Nutrition: Per serving (10)

  • kcal424
  • fat33g
  • saturates20g
  • carbs18g
  • sugars2g
  • fibre3g
  • protein12g
  • salt0.57g

Method

  • step 1

    For the pastry, tip the flour, butter, parmesan and thyme leaves into a food processor, and blitz to fine crumbs. (Or, tip into a bowl and rub together using your fingertips.) Pour 2 tbsp water into the food processor and blitz (or stir in) until the mixture is starting to clump together. Add a splash more water if needed, 1 tsp at a time, to bring it together. Form into a ball using your hands, then flatten into a rough disc. Cover and chill for at least 30 mins. Will keep chilled for up to two days.

  • step 2

    Roll the pastry out on a lightly floured surface into a 25-30cm circle that’s about ½cm thick. Use to line a 20cm fluted tin, pressing it into the base and up the side, leaving any excess pastry overhanging the rim. Chill for at least 30 mins or up to 1 hr.

  • step 3

    Meanwhile, for the filling, heat the butter and oil in a frying pan over a medium heat and cook the leeks, shallots and thyme with a pinch of salt for 30 mins until completely soft and slightly caramelised. Spread out on a plate to cool. Tip the grated cheese into a jug, and whisk in the eggs and cream. Season well, then mix in the cooled leeks.

  • step 4

    Heat the oven to 200C/180C fan/gas 6. Scrunch up a piece of baking parchment and use it to line the chilled pastry base.
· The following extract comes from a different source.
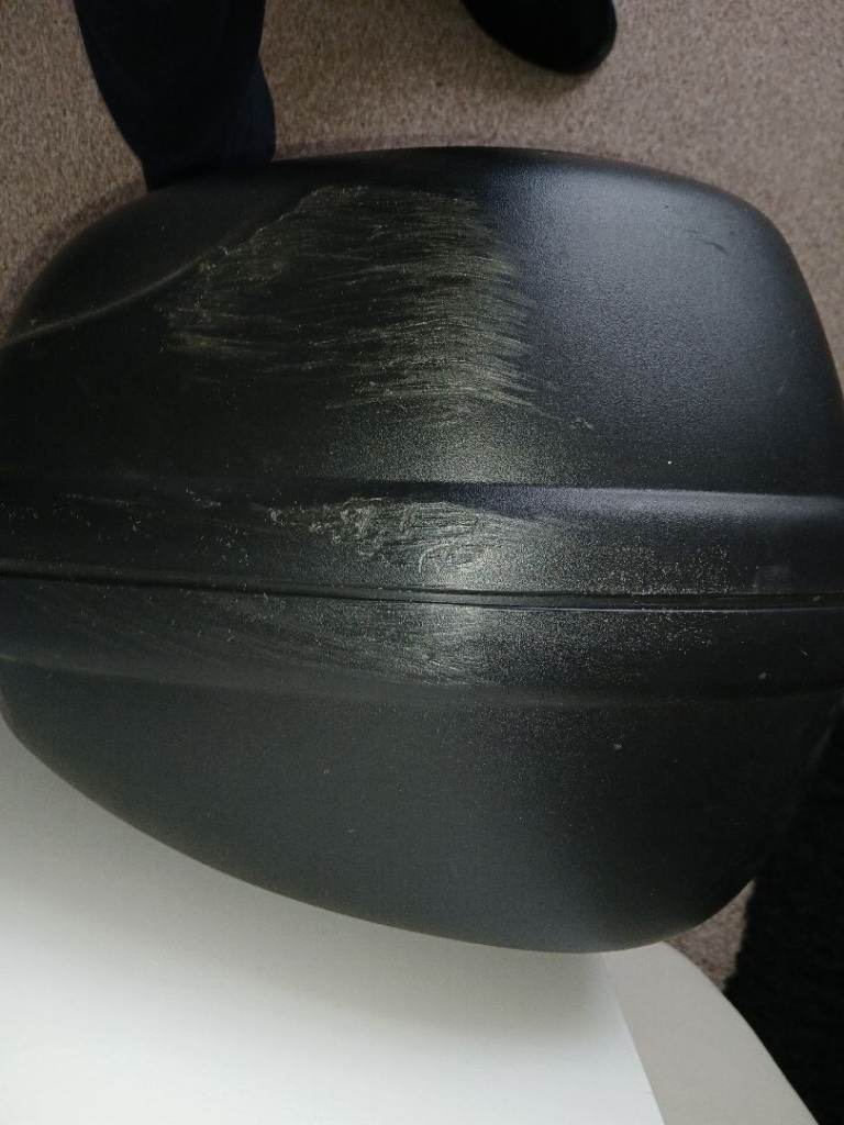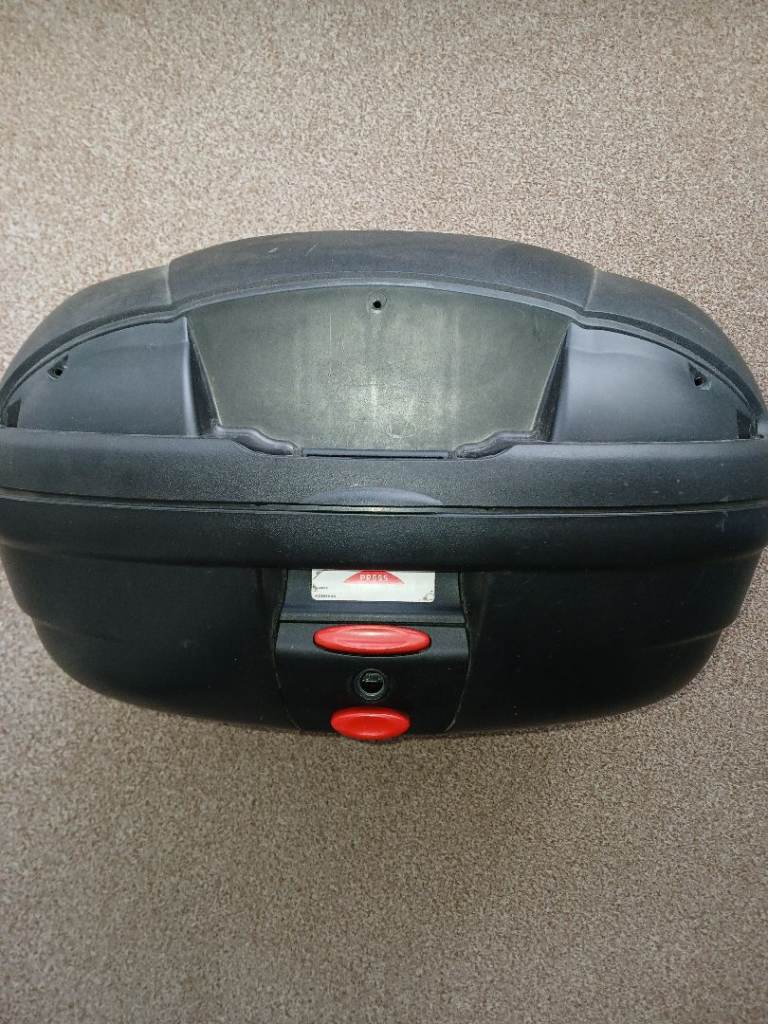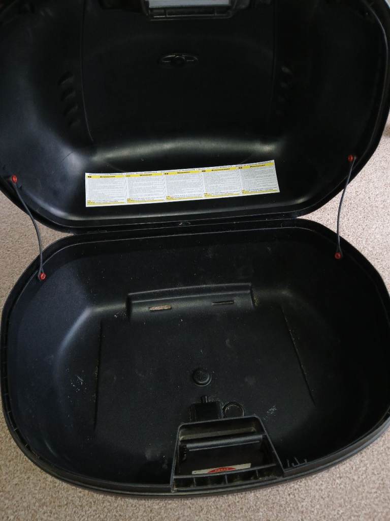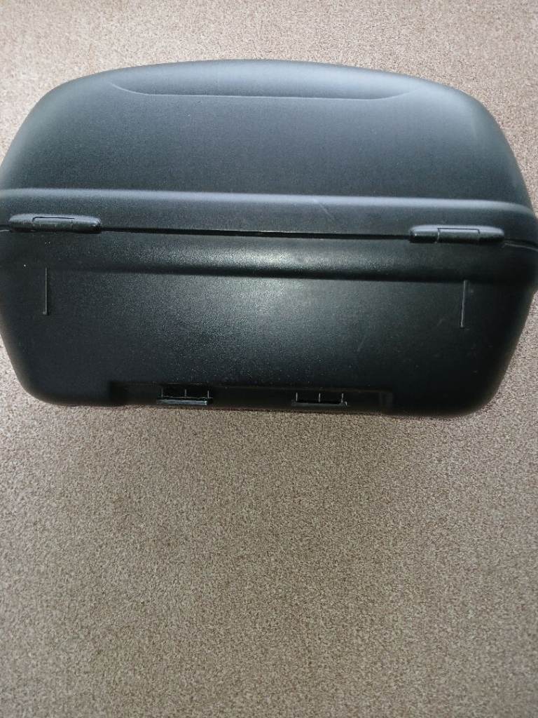 Givi Simply monolock topbox 45 litre, damaged as in photos and 1 locating lug broken off but lid still fastens securely has a lock with two keys. Could be adapted to fit on rack. £15 Collection preferred Newcastle-under-Lyme.
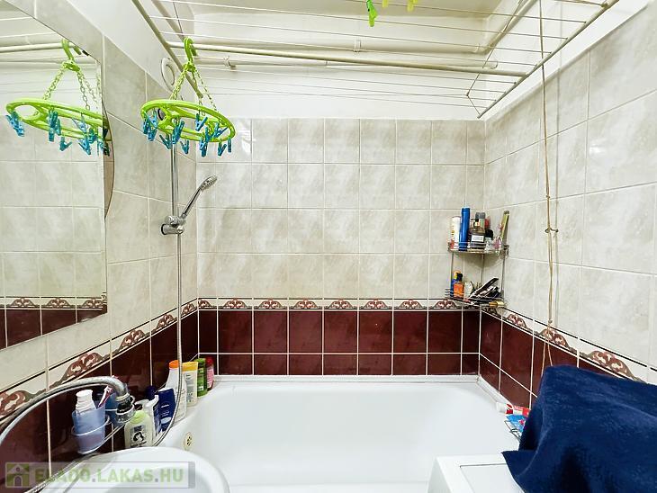 A fürdőszobában a burkolat cserélve lett és káddal rendelkezik, a WC egy külön helyiségben található.

Fill with baking beans and bake for 15-20 mins until the base is golden and lightly sandy to the touch. Remove the baking beans and parchment and prick the base all over using a fork. Bake for 5-10 mins more until golden brown.

  • step 5

    Put the pastry case on a baking tray and reduce the oven to 190C/ 170C fan/gas 5. Carefully pour in the filling and bake for 25-30 mins until golden with a slightly wobble in the middle. Leave to cool for 20 mins. Scatter over some thyme leaves and slice to serve.

Recipe tip

If you don’t want to make your own pastry, you can use a sheet of shop-bought shortcrust pastry.